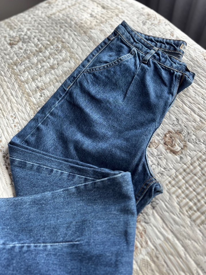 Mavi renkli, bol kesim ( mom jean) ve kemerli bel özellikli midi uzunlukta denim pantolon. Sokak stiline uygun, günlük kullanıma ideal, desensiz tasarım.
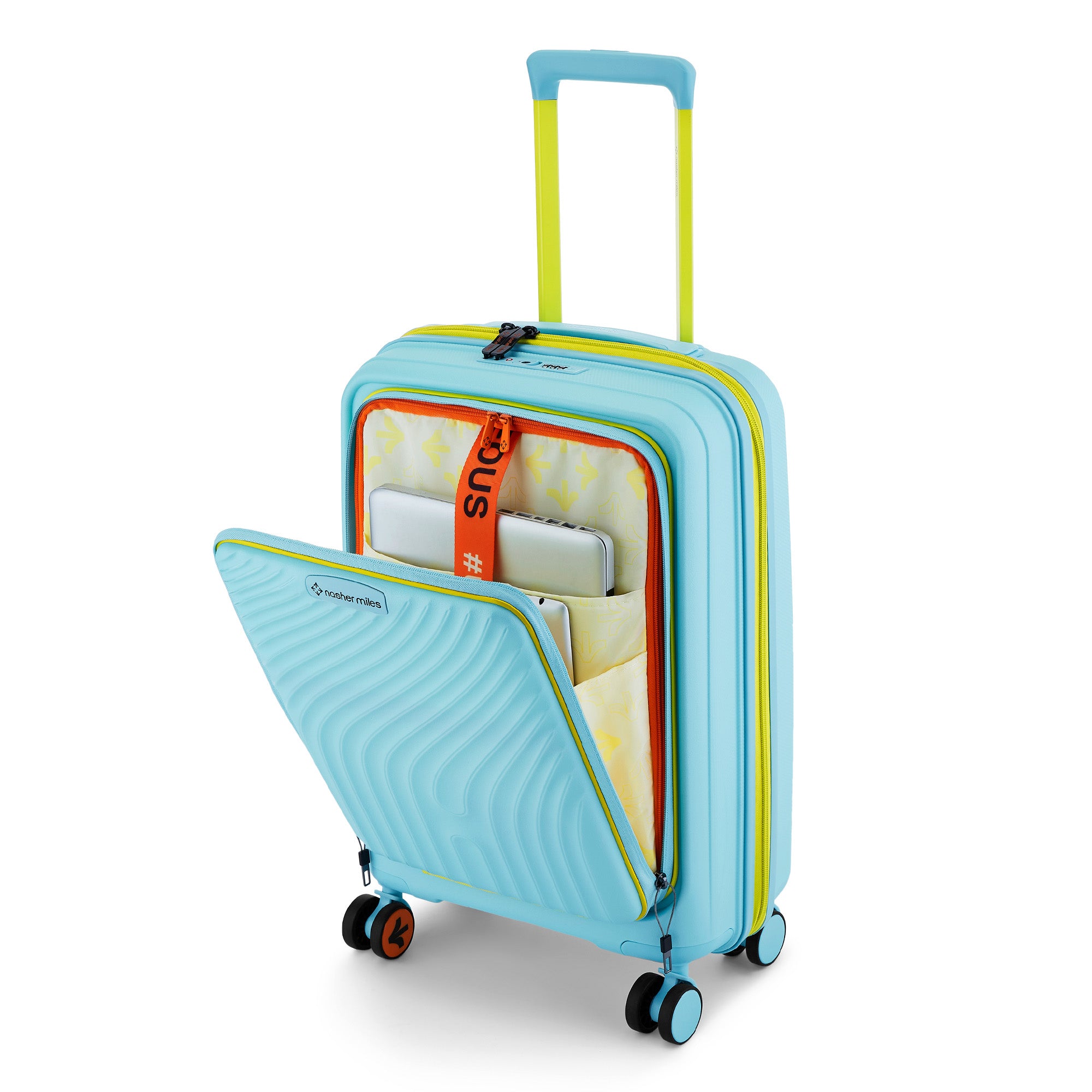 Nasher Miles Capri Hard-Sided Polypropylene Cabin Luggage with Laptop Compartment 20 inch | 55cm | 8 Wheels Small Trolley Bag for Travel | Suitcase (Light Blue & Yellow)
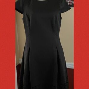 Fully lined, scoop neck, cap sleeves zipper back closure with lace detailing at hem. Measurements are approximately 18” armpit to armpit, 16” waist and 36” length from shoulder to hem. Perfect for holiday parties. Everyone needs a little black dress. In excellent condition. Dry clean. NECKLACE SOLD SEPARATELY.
...
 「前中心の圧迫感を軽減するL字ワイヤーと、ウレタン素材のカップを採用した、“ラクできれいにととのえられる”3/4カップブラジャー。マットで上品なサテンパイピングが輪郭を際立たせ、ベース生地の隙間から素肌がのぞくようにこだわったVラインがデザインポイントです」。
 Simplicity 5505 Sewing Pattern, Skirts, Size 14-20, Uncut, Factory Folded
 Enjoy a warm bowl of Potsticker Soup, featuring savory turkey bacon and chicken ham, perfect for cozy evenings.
==
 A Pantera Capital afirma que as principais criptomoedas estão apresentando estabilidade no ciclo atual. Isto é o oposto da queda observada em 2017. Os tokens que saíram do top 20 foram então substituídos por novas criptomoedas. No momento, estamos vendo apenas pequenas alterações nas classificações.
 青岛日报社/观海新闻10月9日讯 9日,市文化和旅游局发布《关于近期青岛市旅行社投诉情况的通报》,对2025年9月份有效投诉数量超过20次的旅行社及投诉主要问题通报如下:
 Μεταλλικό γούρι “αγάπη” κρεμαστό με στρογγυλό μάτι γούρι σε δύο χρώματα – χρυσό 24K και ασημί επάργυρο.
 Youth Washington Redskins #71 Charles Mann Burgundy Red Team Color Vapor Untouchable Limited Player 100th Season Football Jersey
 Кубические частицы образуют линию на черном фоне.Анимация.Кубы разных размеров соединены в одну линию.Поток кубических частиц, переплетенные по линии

WORK REQUEST: Using the entries above, extract exactly the lines from the one that contains "Nasher Miles Capri" through the one that contains "Fully lined, scoop". Do not carry over any pictures.

TASK ANSWER:
 Nasher Miles Capri Hard-Sided Polypropylene Cabin Luggage with Laptop Compartment 20 inch | 55cm | 8 Wheels Small Trolley Bag for Travel | Suitcase (Light Blue & Yellow)
 Fully lined, scoop neck, cap sleeves zipper back closure with lace detailing at hem. Measurements are approximately 18” armpit to armpit, 16” waist and 36” length from shoulder to hem. Perfect for holiday parties. Everyone needs a little black dress. In excellent condition. Dry clean. NECKLACE SOLD SEPARATELY.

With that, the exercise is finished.